Find a good study place - not at home.  I found a friendly restaurant that allows free refills (McDonald's or Starbucks for the 15 minutes sessions, and a Chinese restaurant that allowed me to stay for 3 hours for my intensive study periods after graduation).  I have trouble studying at home because I have so much that distracts me, so much to do.  Most other people have the same problem so do not attempt to skip this step.  Consider it a little treat to yourself for studying.  Remember, this is usually just 15 minutes, not a prolonged time period except maybe once a week.  You can stop for a coke or a coffee on the way home, study for 15 minutes while there, and a grab a refill before heading out.  It is your little "oasis" study time.  
Review your progress and identify weak areas. This may be the most important step, enough so that I have a whole post on what I did.
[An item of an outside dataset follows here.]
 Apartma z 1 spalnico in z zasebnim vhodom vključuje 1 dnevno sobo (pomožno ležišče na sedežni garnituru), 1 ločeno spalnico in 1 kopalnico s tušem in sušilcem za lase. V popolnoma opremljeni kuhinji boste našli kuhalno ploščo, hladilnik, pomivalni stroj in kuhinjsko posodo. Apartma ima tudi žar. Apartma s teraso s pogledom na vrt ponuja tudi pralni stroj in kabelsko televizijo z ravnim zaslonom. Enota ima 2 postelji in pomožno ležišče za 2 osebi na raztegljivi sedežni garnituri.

Are you ready to get started?  Are you ready to make a commitment to your career?  Gather your study materials and follow me to Part Two

Note: The links in this post are affiliate links and I get a small commission of you use them. 
Copyrighted 2015, N. Sturgill, FNP 


  1. CONGRATS!!! Quick question--when you were studying the Leik questions, how were you scoring on the questions? I seem to be hitting about 80% and I'm doing them in blocks of 50. I'm trying to take my exam in the next month, so I'm in full panic mode (as you well know!) :) Thanks!
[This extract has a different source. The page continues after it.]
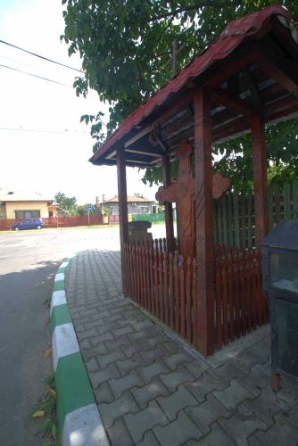 Descriere: Crucce de tip latin. Are capitel împodobit pe trei laturi, frontală și laterale, cu basoreliefuri sub formă de linii frânte. La intersecția piciorului cu brațele crucii se găsește un medalion sub formă de trei cercuri concentrice, în interiorul celui de cele mai reduse dimensiuni aflându-se o rozetă. Pe partea anterioară a piciorului crucii este o inscripție în alfabet de tranziție(?) care măsoară 9 rânduri, ultimul fiind distrus complet. Pe latura stângă a piciorului crucii se află o inscripție cu un singur rând și patru caractere, cel mai probabil anul ridicării crucii. Pe partea dreaptă a piciorului crucii se desfășoară o inscripție de 8 rânduri, dintre care ultimele două sunt indescifrabile din cauza stării de conservare. Inscripțiile lipsesc de pe spatele crucii.

    1. If you read through my plan, you'll see I did about 20-25 a day, and I totaled the score up every 100 questions. I got anywhere from 70-80 the first time around, and got better at each round. My plan discusses how to mark the questions and how to focus on what you need to learn or review. Keep reading!
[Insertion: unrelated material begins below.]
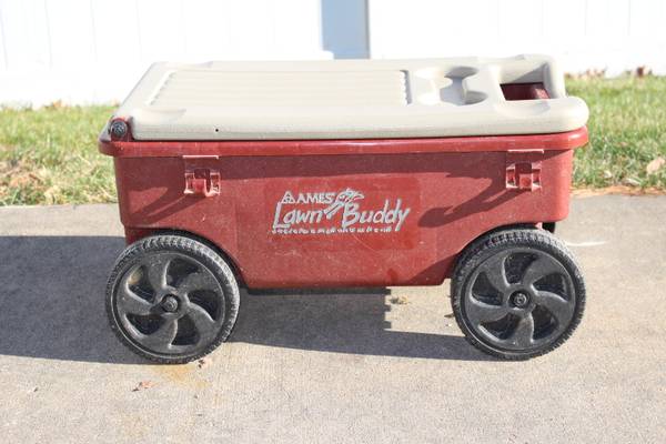 One used Ames Lawn Buddy Poly Lawn Cart. Includes plastic lift-out tray for storage of smaller hand tools or other gardening items. Lid lifts back 180 degrees and stays open on built-in hinges; has built in seat and two spots to set two drinks. Has attachments on long sides of cart to store some sort of tools; not included. Includes handle for lifting lid and transporting to new destination. I would attach a rope or craft a handle to use to pull it around. Needs to be washed out; very usable condition. Sells as high as $86.92 new with free shipping on eBay. Actual dimensions not available at this time. Asking $40.00 cash only please. No warranty, implied or otherwise, on ladder. Item sold as/is. Call before 8:00 pm for information. Can be shown during daylight hours by appointment only.
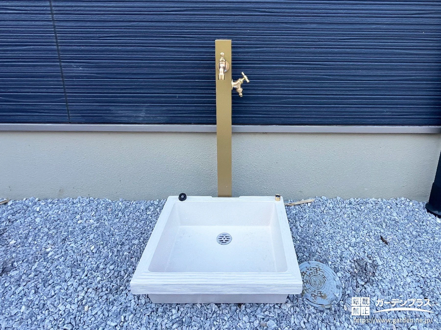 シンプルなデザインの立水栓とガーデンパン

    2. Hi, Nelda I wanted to let you know your tips for preparing for the AANPCP exam really helped me. I am happy to say I passed my exam! The time I e-mailed you regarding my taking the exam I had to put my studying on hold because my father became ill and I had to take care of him but with your tips and perseverance I was able to pass my exam. Thank you for the advice.

  2. Your blog has helped me create my own study plan. I have a good starting place after reading your study plan. I just didn't now where to start. thank you!